Sgt Bishop, you said that “My father said, ‘Do only what you can live with, because every morning you have to look at your face in the mirror when you shave. Ten years from now, you’ll still be shaving the same face.’ If I had deployed to Afghanistan, I don’t think I would have been able to look into another mirror again.” Now that you can look at your face in the mirror everyday now, can you do me one favor. Can you shave your face every morning for a year and walk up to one random person a day who resides in Afghanistan or Iraq and let them know that you weren’t willing to help them out in any way? Or how about go up to a highly decorated vet and tell him that he didn’t need to do what he did during he’s time in service. Or how about something easy, write an email to I.P.S. and address it to all the families who have Medal of Honor members in their family, and let them know that if they had turned their backs, they would have lived to be at least 40. With that single email, you knocked out a flock of birds with one stone.

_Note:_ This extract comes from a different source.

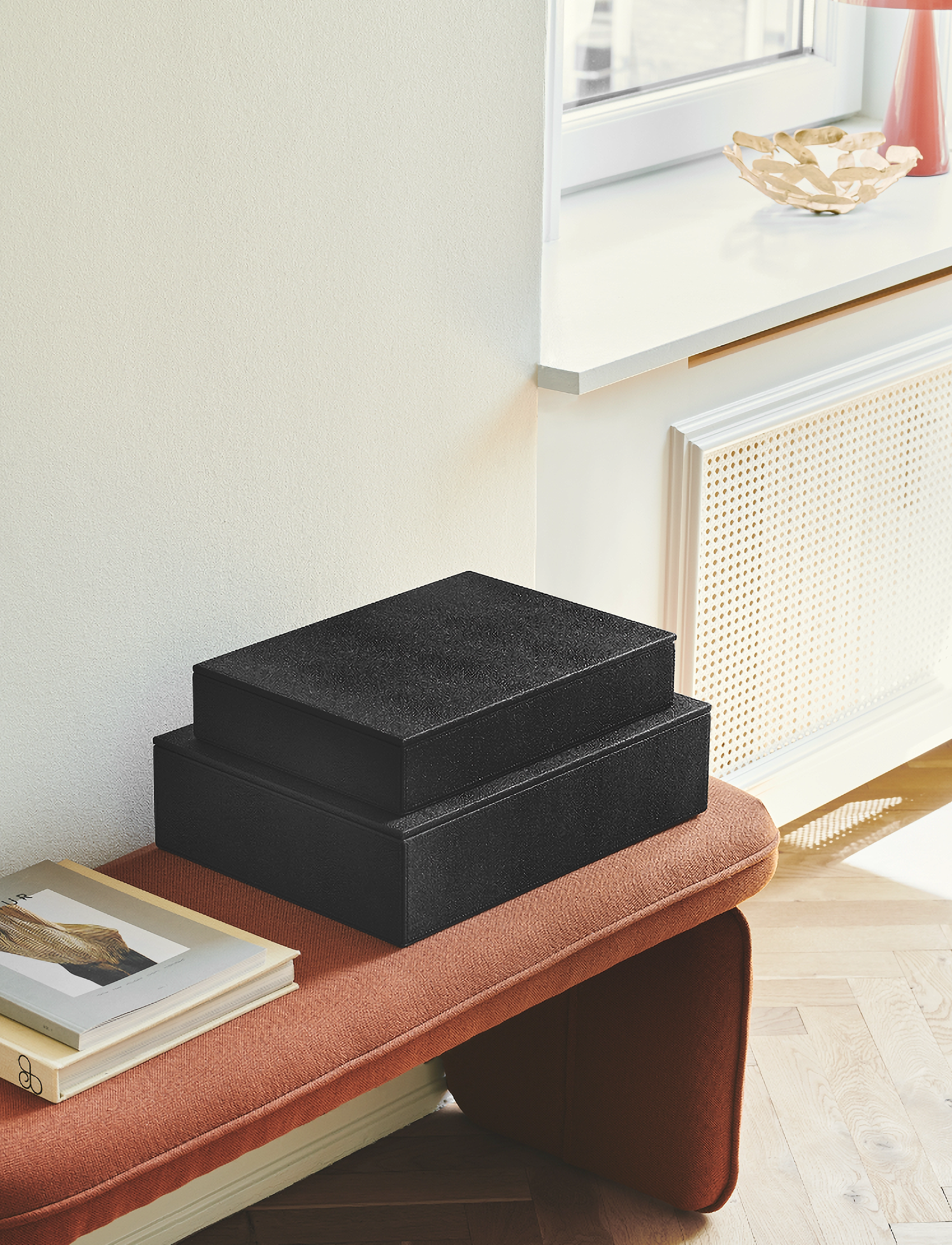 STING storage boxes come in a set of 2 boxes, 40x30x10,5 and 25x35x7, which are perfect for those who want a large, practical and elegant storage facility. Use for example the largest box in your hallway for gloves, hats, bikelights and the smaller box at your office for documents. Only your needs set the limit. Designed by Mojoo.

And for people who don’t know, everybody who joins the military signs an eight year contract. The only thing that varies form person to person is how many years in those eight years will you be serving in active status. So technically we have an eight year service obligation. So lets say you have a three years active/five years IRR (Individual Ready Reserve) contract and you get “stop-loss,” 99% of the time the Army is just asking you to add an additional year in your active service. So now, that makes it 4 years active service/4 years IRR. That’s what happens when soldiers get “stop-loss” so don’t be fooled people, an additional year is better than the whole eight years.
I joined because when my father was young he wanted to joined, but wasn’t able to. So I served for him and though he worries everyday he’s extremely proud of what I do
Why are you guys asking for donations??????? Now that you’re in jail, hopefully no one taps you in rear. Then you’d regret the whole BS of you wanting to go jail over a chill deployment.
Once upon a time, you and I were good friends. And while I can’t agree or disagree with the choices you made, I keep you in my prayers in hopes that you did make the right decision. I don’t know where you are today (It’s Oct. now) but here’s to hoping you are well, and in good spirits. I am a Military Wife, and while I view any man or woman who goes overseas as a hero, I can’t think of you as anything less.
You did your job,and I’m proud of you. Just as I’m proud of my husband everyday he puts his uniform on. I wish you luck my friend in all of your endeavors.
Get Real. Put on your big boy panties and man up. You joined the Army. Did you really think you were going to get a condo? I spent my time in Iraq in 2003 to 2004. I lost 17 friends, one of which died in my arms. You disgrace the memory of everyone that has gone and done what they promised to do when they enlisted. As far as I am concerned, you are no better than Jane Fonda.
You’re only a patriot if you fight for America, not Israel. There are only five countries left that don’t have a “jewish” bank: Iraq, Afghanistan, Iran, Libya, and North Korea. Israel is not America’s ally; they’re our Master. Let’s all say it together – Jewmerica.
Sorry I’m late to the party. I offered you help well before “a few days before deployment”, Travis. I told you to listen to me and you spat in my face. You and Victor both did and look where it got you. It’s sad really, you didn’t deserve to go to jail.
I am glad you still qualify for benefits; I only wish we could say the same for Victor and I hope you put this bullshit all behind you. Fuck the Army and fuck IVAW.